=== Prompt ===
Set all of the entries down again precisely as they are written.

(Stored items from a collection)
---+---
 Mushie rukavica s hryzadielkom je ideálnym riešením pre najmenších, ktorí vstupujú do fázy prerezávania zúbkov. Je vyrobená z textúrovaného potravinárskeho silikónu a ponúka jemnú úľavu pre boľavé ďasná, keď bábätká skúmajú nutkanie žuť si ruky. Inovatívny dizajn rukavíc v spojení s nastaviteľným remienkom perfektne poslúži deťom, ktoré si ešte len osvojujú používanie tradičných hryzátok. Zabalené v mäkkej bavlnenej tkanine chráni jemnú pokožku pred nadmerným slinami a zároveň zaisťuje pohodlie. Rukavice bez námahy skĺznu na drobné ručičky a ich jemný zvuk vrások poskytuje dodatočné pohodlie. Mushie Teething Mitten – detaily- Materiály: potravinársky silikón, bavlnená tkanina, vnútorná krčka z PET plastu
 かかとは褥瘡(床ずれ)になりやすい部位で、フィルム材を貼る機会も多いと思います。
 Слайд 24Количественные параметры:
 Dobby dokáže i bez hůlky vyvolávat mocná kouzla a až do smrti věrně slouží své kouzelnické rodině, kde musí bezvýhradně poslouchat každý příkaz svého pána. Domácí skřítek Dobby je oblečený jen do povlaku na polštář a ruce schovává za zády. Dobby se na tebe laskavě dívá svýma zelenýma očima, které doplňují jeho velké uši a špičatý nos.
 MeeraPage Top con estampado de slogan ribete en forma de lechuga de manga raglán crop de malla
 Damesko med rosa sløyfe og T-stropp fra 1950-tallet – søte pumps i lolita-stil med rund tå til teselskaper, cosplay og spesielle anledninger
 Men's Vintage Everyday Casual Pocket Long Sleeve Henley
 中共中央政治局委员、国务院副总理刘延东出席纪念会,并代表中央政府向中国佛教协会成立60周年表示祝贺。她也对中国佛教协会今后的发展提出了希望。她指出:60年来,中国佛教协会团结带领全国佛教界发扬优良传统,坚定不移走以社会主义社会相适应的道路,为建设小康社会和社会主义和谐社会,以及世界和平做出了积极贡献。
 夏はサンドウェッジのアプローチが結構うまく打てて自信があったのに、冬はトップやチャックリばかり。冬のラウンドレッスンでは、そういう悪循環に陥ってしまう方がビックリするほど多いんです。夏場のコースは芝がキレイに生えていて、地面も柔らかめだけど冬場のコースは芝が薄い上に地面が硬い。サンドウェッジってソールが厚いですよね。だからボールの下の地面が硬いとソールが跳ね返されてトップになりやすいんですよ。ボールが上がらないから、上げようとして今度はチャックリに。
---+---
=== Expected answer ===
 Mushie rukavica s hryzadielkom je ideálnym riešením pre najmenších, ktorí vstupujú do fázy prerezávania zúbkov. Je vyrobená z textúrovaného potravinárskeho silikónu a ponúka jemnú úľavu pre boľavé ďasná, keď bábätká skúmajú nutkanie žuť si ruky. Inovatívny dizajn rukavíc v spojení s nastaviteľným remienkom perfektne poslúži deťom, ktoré si ešte len osvojujú používanie tradičných hryzátok. Zabalené v mäkkej bavlnenej tkanine chráni jemnú pokožku pred nadmerným slinami a zároveň zaisťuje pohodlie. Rukavice bez námahy skĺznu na drobné ručičky a ich jemný zvuk vrások poskytuje dodatočné pohodlie. Mushie Teething Mitten – detaily- Materiály: potravinársky silikón, bavlnená tkanina, vnútorná krčka z PET plastu
 かかとは褥瘡(床ずれ)になりやすい部位で、フィルム材を貼る機会も多いと思います。
 Слайд 24Количественные параметры:
 Dobby dokáže i bez hůlky vyvolávat mocná kouzla a až do smrti věrně slouží své kouzelnické rodině, kde musí bezvýhradně poslouchat každý příkaz svého pána. Domácí skřítek Dobby je oblečený jen do povlaku na polštář a ruce schovává za zády. Dobby se na tebe laskavě dívá svýma zelenýma očima, které doplňují jeho velké uši a špičatý nos.
 MeeraPage Top con estampado de slogan ribete en forma de lechuga de manga raglán crop de malla
 Damesko med rosa sløyfe og T-stropp fra 1950-tallet – søte pumps i lolita-stil med rund tå til teselskaper, cosplay og spesielle anledninger
 Men's Vintage Everyday Casual Pocket Long Sleeve Henley
 中共中央政治局委员、国务院副总理刘延东出席纪念会,并代表中央政府向中国佛教协会成立60周年表示祝贺。她也对中国佛教协会今后的发展提出了希望。她指出:60年来,中国佛教协会团结带领全国佛教界发扬优良传统,坚定不移走以社会主义社会相适应的道路,为建设小康社会和社会主义和谐社会,以及世界和平做出了积极贡献。
 夏はサンドウェッジのアプローチが結構うまく打てて自信があったのに、冬はトップやチャックリばかり。冬のラウンドレッスンでは、そういう悪循環に陥ってしまう方がビックリするほど多いんです。夏場のコースは芝がキレイに生えていて、地面も柔らかめだけど冬場のコースは芝が薄い上に地面が硬い。サンドウェッジってソールが厚いですよね。だからボールの下の地面が硬いとソールが跳ね返されてトップになりやすいんですよ。ボールが上がらないから、上げようとして今度はチャックリに。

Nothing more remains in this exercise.